By: Elise Goldin
This piece originally appeared at PursueAction.org here.
As someone who is both involved with theater and in the middle of my year as an AVODAH Corps member in Brooklyn, Pursue’s event hosting the Theatre of the Oppressed workshop was a perfect combination. Theatre of the Oppressed combines a mix of improv games that focus on creatively rethinking our assumptions and social structures. The workshop’s dynamic facilitator led a series of games and activities that forced the group of 20- and 30-somethings to act silly and be creative in a way that is often hard to achieve in young adults.
While we did several theater exercises and games, one in particular stood out for me. We were each asked to bring five pieces of “clean garbage” from home, and when we entered the workshop room in downtown Brooklyn, we placed our items on two long tables. There was anything from sketches to tea bags to plastic wrappers to empty liquor bottles on the table. When it came time, we were split into two groups and asked to make a person out of the pieces of “clean garbage.” We sat in a circle on the floor and each placed a piece of garbage down, hoping that the end result would resemble some sort of body. Throughout the process, I noticed myself feeling tense, getting angry when people were placing pieces in a spot I arbitrarily didn’t agree with. “Fine,” I resolved, “do what you like.” As we reflected on the experience later, I realized that I wanted to control the situation and was not comfortable with letting the group come to a shape on its own.

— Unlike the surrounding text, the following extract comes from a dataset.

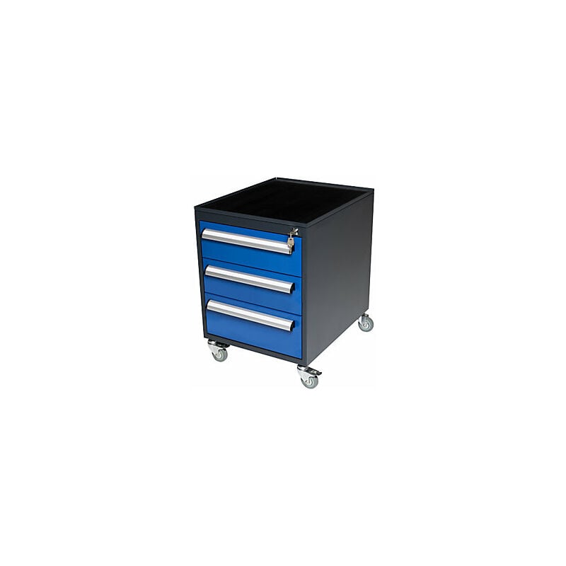 Cassettiera con rotelle, per tavoli da lavoro modulari WT, 3 cassetti (150/150/180 mm). Fornitura = in parte smontato. Altezza = 490 mm. Larghezza = 600 mm. Profondità = 690 mm. Colore corpo = antracite. Colore frontalino = blu genziana. Dotazione = 3 cassetti (150/150/180 mm). Dotazione ruote = 4 rotelle pivottanti, di cui 2 con fermi. Ausilio mobile per l'officina con 4 rotelle pivottanti. A scelta con 3 o 4 cassetti. Cassettiera mobile con rotelle in acciaio verniciato a polvere antracite/blu genziana RAL 5010. Con bordino anticaduta e stuoia in gomma. Maniglia in alluminio. Altezza x larghezza x profondità 490 x 600 x 690 mm. 4 rotelle pivottanti, 2 con fermi. Chiusura centralizzata.
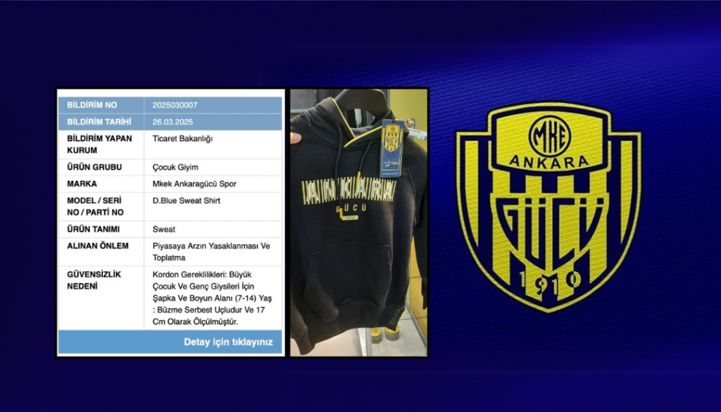 Ankaragücü’nün çocuklar için ürettiği sweatshirt’ün tasarımında boğulma riski taşıyan tehlikeli unsurlar bulunduğu belirtildi. Bu nedenle, ürünün satışının durdurulmasına ve piyasadan toplatılmasına karar verildi.

What we created was something more beautiful and interesting than I certainly would have come up with on my own. We discussed where did this person come from, what its gender was, how old the person was. We named it a “trans pregnant man” who had a sparkle trail/leash with an animal/tail/extended leg. It was loony and silly, but we also discussed our issues with making quick judgments and assumptions, and what it’s like to read a body without having any real knowledge of the person.
Thinking about this exercise in the context of my year in AVODAH and involvement with Pursue around Jewish social justice, calling out my assumptions about people is a really useful tool. While living in my house with 17 other Jewish people (16 of whom are women), it is easy to pre-judge people and imagine I know how each one will respond. Taking the time to actively rethink our assumptions and play with ways responses to those assumptions helped me to reimagine the ways that I interact with my housemates, my co-workers, and tenants I organize with in the Bronx.
Elise Goldin is from Evaston, IL and attended Macalester College. She is a Tenant Organizer at the Urban Homesteading Assistance Board, which supports self-help housing and community building in low-income neighborhoods by training, organizing, developing, and assisting resident-controlled limited-equity housing co-operatives.